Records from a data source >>
*** Block opens ***

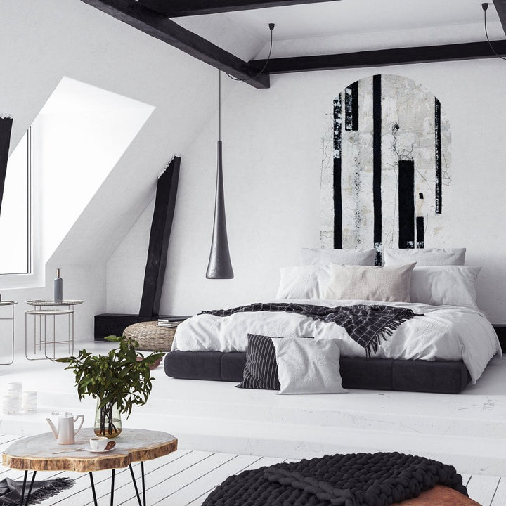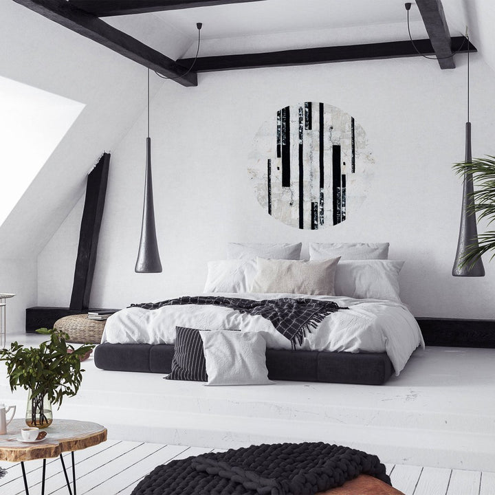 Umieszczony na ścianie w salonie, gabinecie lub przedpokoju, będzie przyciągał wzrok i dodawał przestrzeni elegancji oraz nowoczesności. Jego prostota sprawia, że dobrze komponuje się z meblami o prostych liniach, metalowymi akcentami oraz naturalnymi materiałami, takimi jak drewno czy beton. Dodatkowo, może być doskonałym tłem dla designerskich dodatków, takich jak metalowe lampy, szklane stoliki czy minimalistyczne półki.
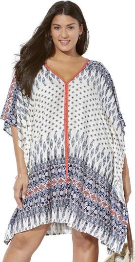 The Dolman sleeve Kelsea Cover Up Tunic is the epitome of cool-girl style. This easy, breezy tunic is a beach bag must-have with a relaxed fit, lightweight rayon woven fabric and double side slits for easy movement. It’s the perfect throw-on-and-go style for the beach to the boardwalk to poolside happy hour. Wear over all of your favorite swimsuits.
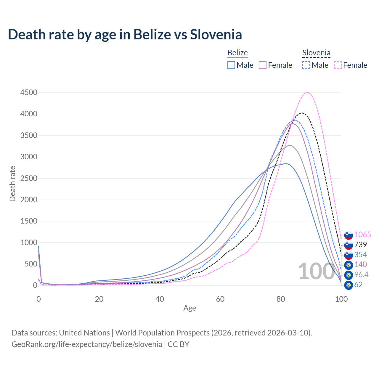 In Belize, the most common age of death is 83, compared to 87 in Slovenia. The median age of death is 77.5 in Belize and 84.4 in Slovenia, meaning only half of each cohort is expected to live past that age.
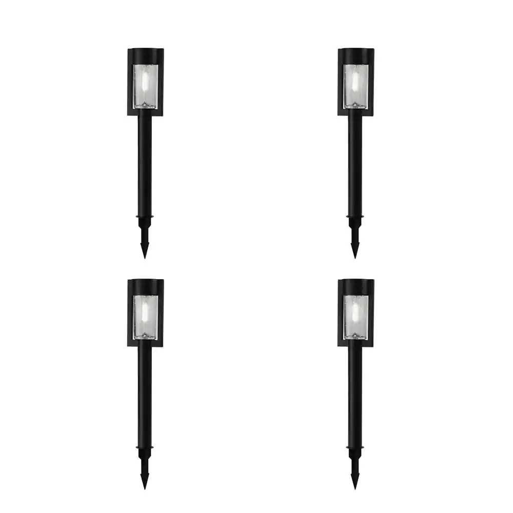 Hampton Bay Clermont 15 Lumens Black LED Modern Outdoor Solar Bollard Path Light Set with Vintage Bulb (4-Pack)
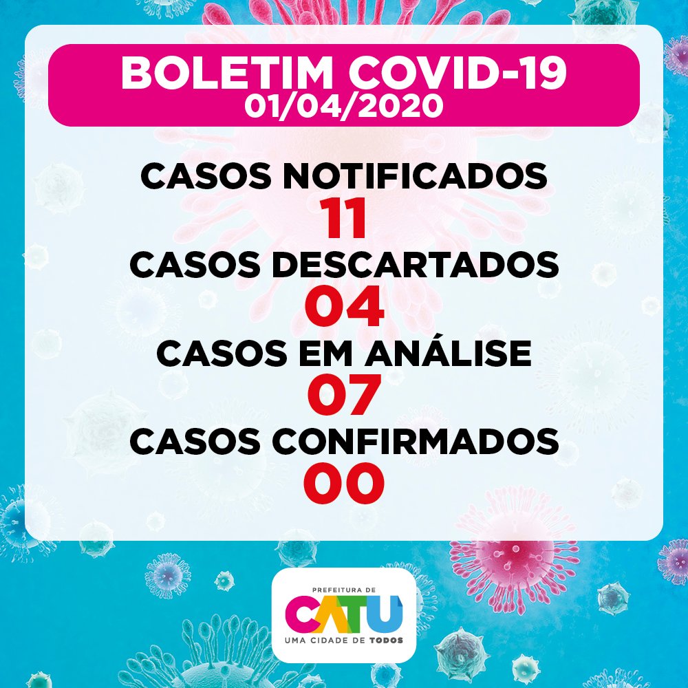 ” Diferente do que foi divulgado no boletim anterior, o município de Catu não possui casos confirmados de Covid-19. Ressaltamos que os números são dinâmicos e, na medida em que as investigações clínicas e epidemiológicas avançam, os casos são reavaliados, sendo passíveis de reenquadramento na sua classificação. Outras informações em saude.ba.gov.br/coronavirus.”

*** Block closes ***

PROBLEM DETAILS >> With the pictures omitted, repeat the full set of records above exactly.

SOLUTION BELOW >>
 Umieszczony na ścianie w salonie, gabinecie lub przedpokoju, będzie przyciągał wzrok i dodawał przestrzeni elegancji oraz nowoczesności. Jego prostota sprawia, że dobrze komponuje się z meblami o prostych liniach, metalowymi akcentami oraz naturalnymi materiałami, takimi jak drewno czy beton. Dodatkowo, może być doskonałym tłem dla designerskich dodatków, takich jak metalowe lampy, szklane stoliki czy minimalistyczne półki.
 The Dolman sleeve Kelsea Cover Up Tunic is the epitome of cool-girl style. This easy, breezy tunic is a beach bag must-have with a relaxed fit, lightweight rayon woven fabric and double side slits for easy movement. It’s the perfect throw-on-and-go style for the beach to the boardwalk to poolside happy hour. Wear over all of your favorite swimsuits.
 In Belize, the most common age of death is 83, compared to 87 in Slovenia. The median age of death is 77.5 in Belize and 84.4 in Slovenia, meaning only half of each cohort is expected to live past that age.
 Hampton Bay Clermont 15 Lumens Black LED Modern Outdoor Solar Bollard Path Light Set with Vintage Bulb (4-Pack)
 ” Diferente do que foi divulgado no boletim anterior, o município de Catu não possui casos confirmados de Covid-19. Ressaltamos que os números são dinâmicos e, na medida em que as investigações clínicas e epidemiológicas avançam, os casos são reavaliados, sendo passíveis de reenquadramento na sua classificação. Outras informações em saude.ba.gov.br/coronavirus.”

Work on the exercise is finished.